Antes de destacar que os trabalhos “do bem” são minoria dos casos encontrados nas pesquisas, GALASSO (2005) apresenta as características que os identificariam: dá chance de aprender um trabalho que pode mais tarde se transformar numa profissão, dá chance de desenvolver habilidades, melhora autoconfiança e autoestima, auxilia a desenvolver espírito de equipe, responsabilidade e ajuda o adolescente a crescer como pessoa ou

cidadão. USA-NIOSH(1997) aponta como efeitos positivos do trabalho de meio período, realizado por adolescentes, a aquisição de novas habilidades e desenvolvimento da autoestima e autoconfiança; porém o mesmo estudo conclui que são efeitos negativos deste trabalho em tempo parcial a diminuição da performance escolar, no desempenho em atividades esportivas ou extracurriculares e o aumento do uso de álcool.
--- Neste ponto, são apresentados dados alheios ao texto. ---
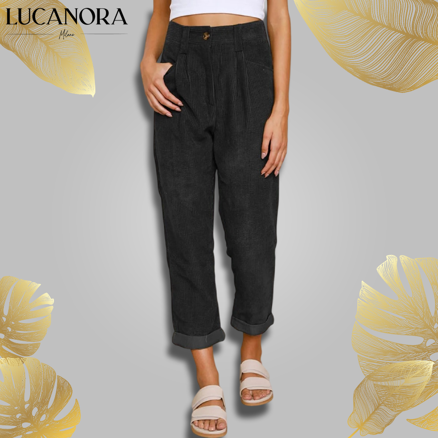 Floriana Cuomo™ Damskie sztruksowe spodnie z kieszeniami i zamkiem
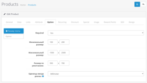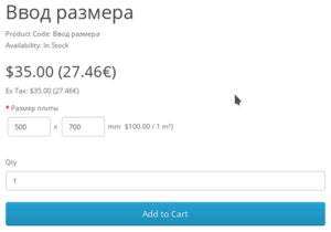 - "Ввод размера (цена за площадь)" - Цена за квадратную единицу указывется в цене товара (Единицы длины указываются в товаре). У опции указывается единицы ввода длины ии при расчёте цены производится перевод в единицы товара. Дополнительно есть настройки: минимального размера, максимального размера и размера по умолчанию.

A questão é: como proteger e impor limites, considerando a variação individual das resistências humanas e a extrema vulnerabilidade desta fase de formação? Seria possível impor restrições e fiscalizar para garantir uma experiência positiva, mesmo que precoce, com o mundo do trabalho?

ASMUS et al. (1996) concluem que crianças menores de 14 anos não devem exercer nenhuma atividade laboral, visto os potenciais riscos ao seu desenvolvimento biopsicossocial que as cargas físicas, emocionais e sociais acarretam. Segundo PALMEIRA SOBRINHO (2010), o trabalho precoce representa riscos para todos os menores trabalhadores, embora estes sejam proporcionalmente distintos conforme a função exercida pelo menor e o setor da atividade econômica a que este esteja vinculado.
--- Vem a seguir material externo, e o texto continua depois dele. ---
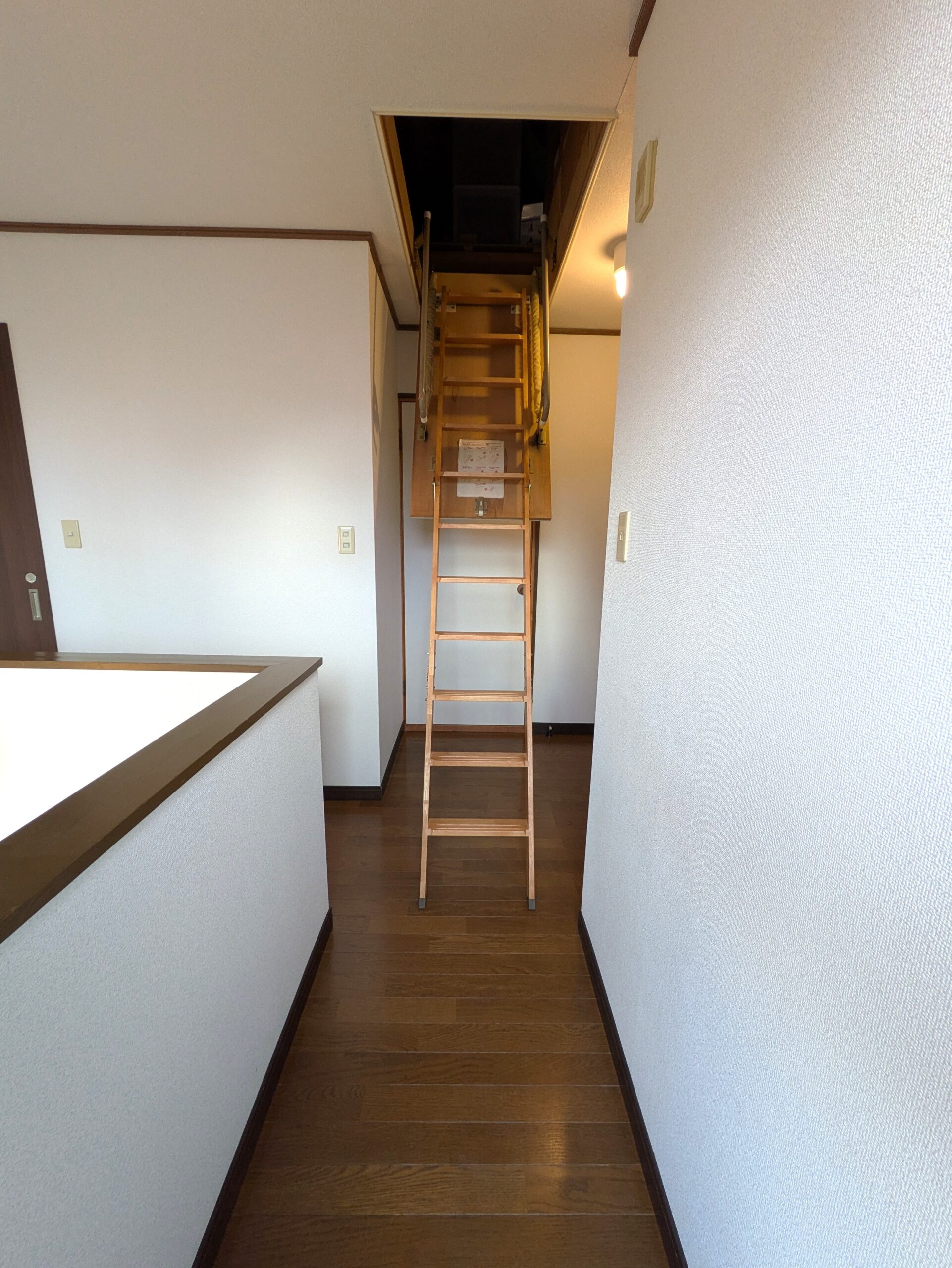 小屋裏収納写真。 2階廊下からは天井側へと続く、小屋裏収納があります。 季節毎に収納を入れ替えできるので便利です。

Apesar das pesquisas indicarem os danos potenciais que o trabalho precoce pode causar ao crescimento e desenvolvimento da criança, grande parte da comunidade onde estão inseridos os menores trabalhadores interpreta o trabalho infantil como positivo para a formação educativa como cidadão. Por isso sempre existiu um paralelismo entre as normas jurídicas sobre o trabalho infanto-juvenil e o descumprimento pela realidade social. Já foram elaborados ótimos estudos sociológicos, econômicos e políticos sobre o trabalho infantojuvenil, mas suas constatações ou indignações não ultrapassam os ambientes acadêmicos (OLIVEIRA, 2007).
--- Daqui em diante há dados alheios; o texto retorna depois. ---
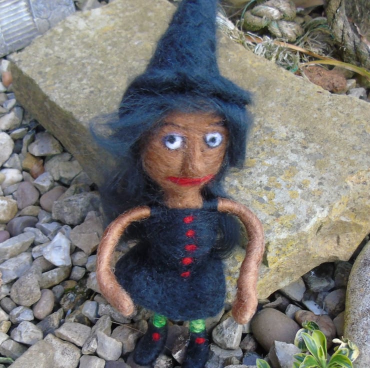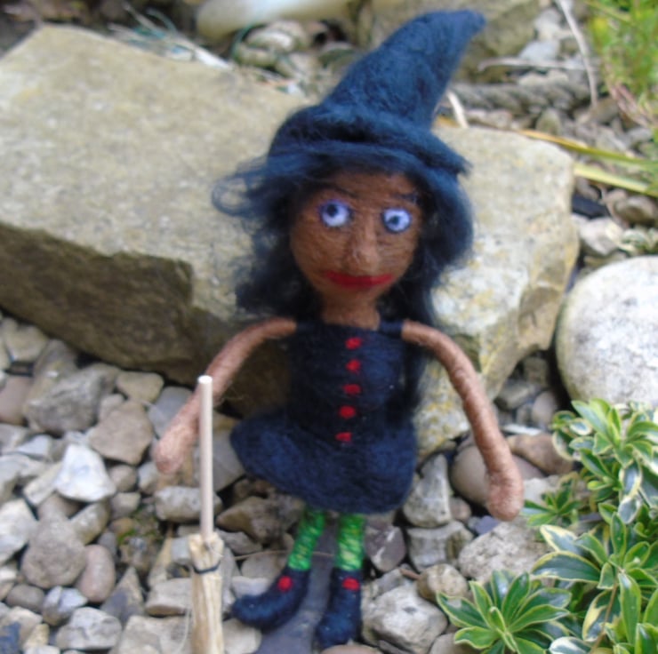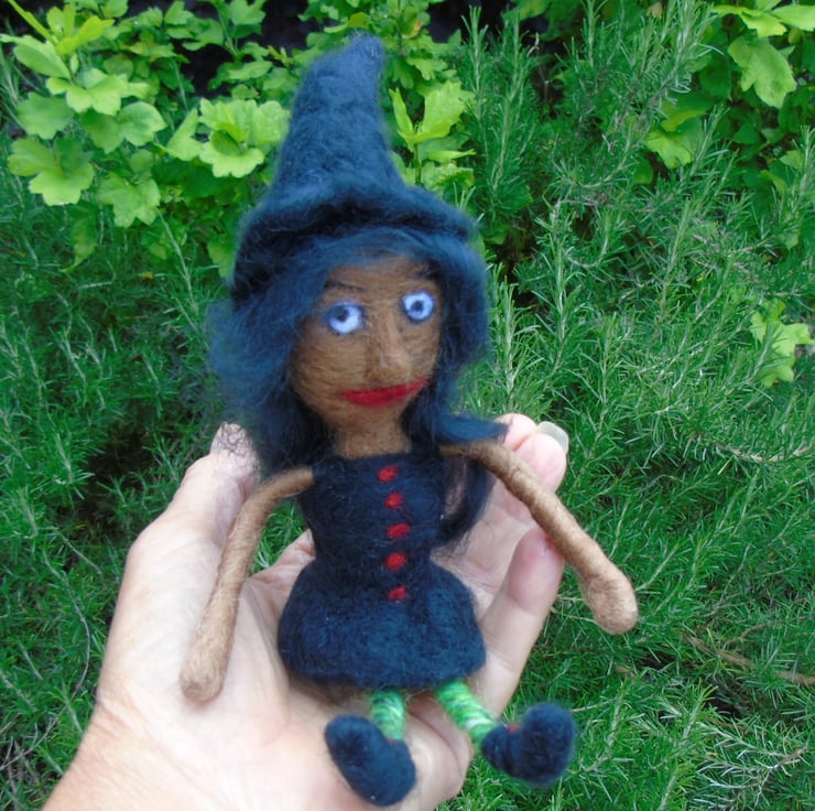 A one of a kind hand made witch doll. Poseable arms and legs.

Além da falta de informação dos pais sobre esses riscos, questões como dificuldades econômicas e valores culturalmente arraigados

dificultam a conscientização das pessoas sobre os efeitos negativos que determinados tipos de trabalho representam para o futuro dos adolescentes (FISCHER e GALASSO, 2008). Cabe verificar, pois, as razões que levam ao trabalho precoce.